The Price-Pottenger Nutrition Foundation (PPNF) is a U.S. 501(c)(3) non-profit organization established "to teach the public and professionals about foods, lifestyle habits, healing modalities, and environmental practices that can help people attain vibrant health."[1] Founded in 1952, it was first known as the Weston A. Price Memorial Foundation after the 20th century researcher Weston Price who emphasized the importance of nutrition for health and dentistry. The other half of the foundation's current namesake is Francis M. Pottenger, Jr. whose study of nutrition in cats sparked interest in a diet high in raw animal products including uncooked meats and unpasteurized dairy. In 1969, after Price's death, the organization became the Price Pottenger Foundation, and then the Price Pottenger Nutrition Foundation, which it bears today.

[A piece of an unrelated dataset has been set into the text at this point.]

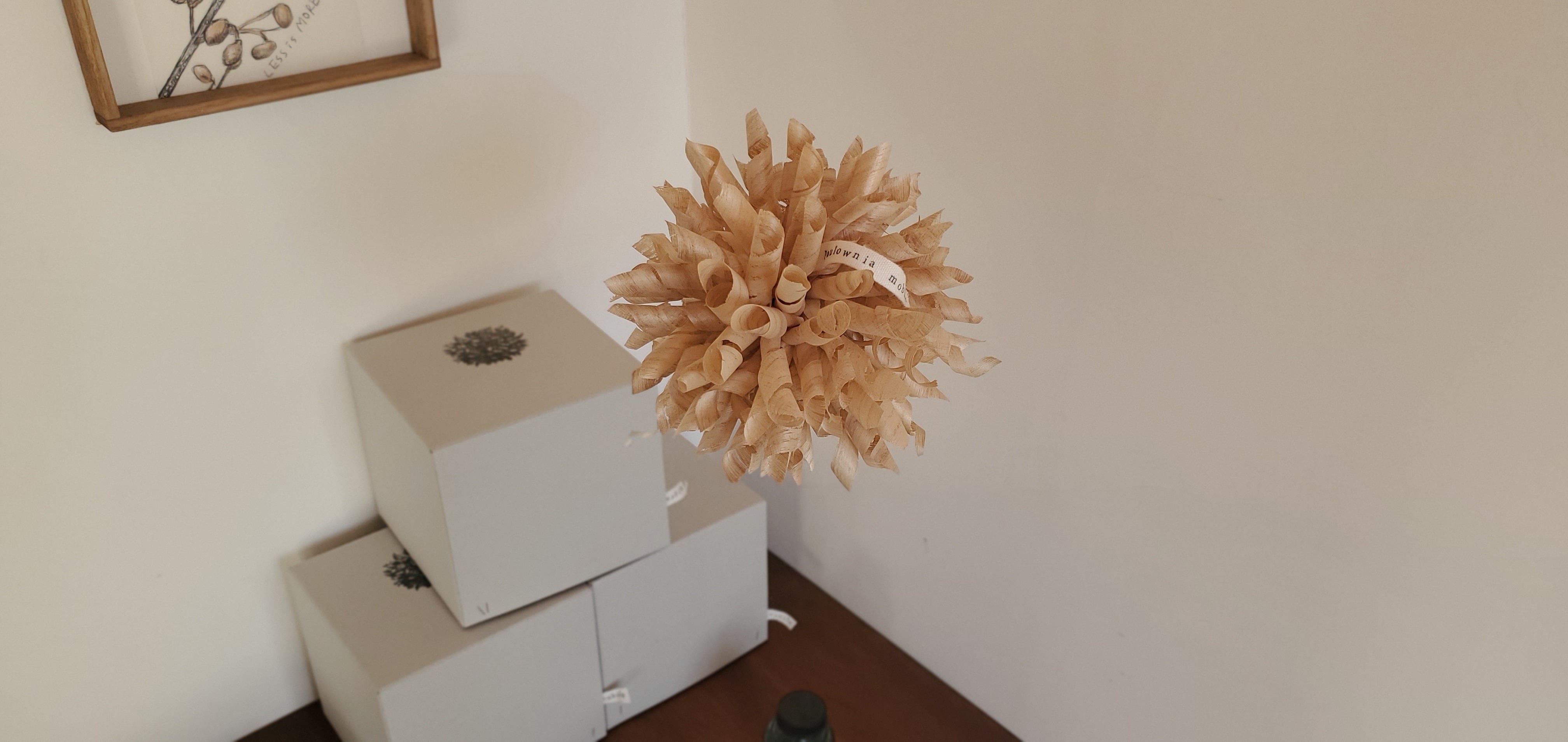 製品を作る時の副産物であるかんな削りを使い、軽く揺らめく桐モビールを制作しました。

PPNF primarily advocates: 1) that consumption of animal fats is not dangerous to human health, and 2) that mainstream agricultural methods which emphasize the use of synthetic fertilizers and pesticides as well as factory farming and significant processing of whole foods, reduces overall nutritional quality of food and human health. The first set of claims go against the mainstream scientific consensus among researchers, doctors, and nutritionists, that a diet high in saturated fat presents serious risks to cardiovascular health and longevity. The second set of claims is aligned with the increasingly popular organic food movement, although major food growers and producers consistently affirm the taste and nutritional quality of their food as identical or better than organics.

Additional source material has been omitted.